October 12th, 2007 by David Weinberger
Tom Matrullo has a brief but thoughtful post that points out that the metaphor of the “miscellaneous” is spatial, whereas temporality is at the heart of so much of the Web.
Great point. Temporality is crucial to many (most?) of the innovations on the Web. E.g., the boon of Twitter and Jaiku isn’t that they promote short blogging but frequent blogging and blogging of transient events.
And Tom is right that the miscellaneous calls up spatial images. I refer to it as a pile of leaves frequently. And that strips the temporality out of it. Temporality shows up merely as one more piece of metadata that might be useful, e.g., wouldn’t it be helpful to know when a particular tag was created? The pile itself is temporal as a continuing presence that grows and gets enriched. But that’s pretty inert. It’d be interesting to re-express it in temporal terms. I don’t know how to do it, but it’d be interesting.

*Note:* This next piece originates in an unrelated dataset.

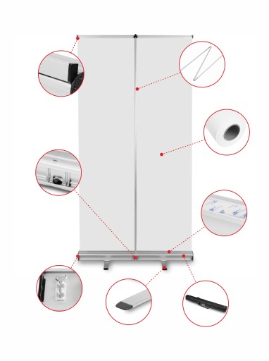 - Dodatkowy stabilizator miejsca mocowania masztu i tylnej ścianki - roll-up stoi idealnie prosto.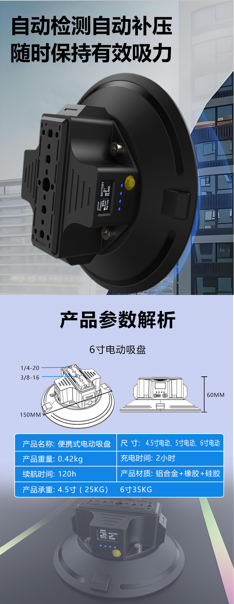 石井純正電動吸盤ガラス真空吸盤強力自動給気搬送タイル吸盤 6106

More important, Tom’s right (as usual) that we should pay attention to what the miscellaneous metaphor hides.
This is interesting to think about. There are lots of metadata elements that come into play. I often think about distality as well. Not only when something was created (its freshness) but where.
I find the Google Trends application most interesting because it shows you where in the world (by city and country) that search terms are coming into play. It’s an interesting way to observe memes spread across the globe.